Análises de dividendos, renda passiva e psicologia dos mercados pela ótica do value investing aplicados à carteira real de um investidor brasileiro. Perfil no "X" (Twitter): @dividendocerto

STF forma maioria para tributar a Vale no exterior, mas julgamento é suspenso: o que muda (e o que ainda não muda) na tese de dividendo de VALE3

O Supremo Tribunal Federal (STF) chegou a formar, no dia 28 de agosto de 2026, uma maioria de 6 votos a 4 favorável à tributação dos lucros das controladas da Vale na Europa — mas, no mesmo dia, o processo foi suspenso por um pedido de “destaque” do próprio ministro relator, André Mendonça. Na prática, isso zera o placar e devolve o caso à estaca zero, agora no plenário físico, sem data marcada para retomada. Para quem acompanha VALE3 pensando em renda passiva, entender essa diferença entre “maioria formada” e “decisão concluída” é essencial antes de tirar qualquer conclusão sobre o impacto no dividendo.

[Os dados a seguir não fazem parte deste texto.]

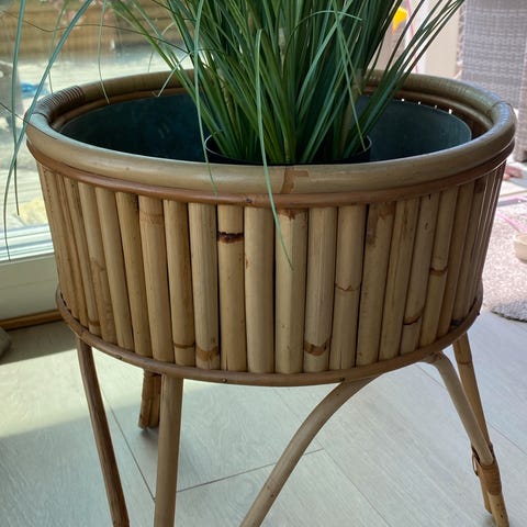 Hvit vasketralle til salgs. Trallen har vært brukt innendørs som blomsterpotte, og fungerer svært godt som dekorativt interiørelement.

O que está sendo julgado, afinal

O caso é o Recurso Extraordinário (RE) 870.214, que tem repercussão geral — ou seja, a decisão vale não só para a Vale, mas serve de precedente para qualquer empresa brasileira na mesma situação. O que está em disputa é se o Brasil pode cobrar Imposto de Renda Pessoa Jurídica (IRPJ) e Contribuição Social sobre o Lucro Líquido (CSLL) — os dois tributos federais que incidem sobre o lucro das empresas — já sobre o lucro apurado pelas controladas da Vale sediadas na Bélgica, Dinamarca, Luxemburgo e Bermudas, mesmo antes de esse dinheiro ser efetivamente distribuído para o Brasil.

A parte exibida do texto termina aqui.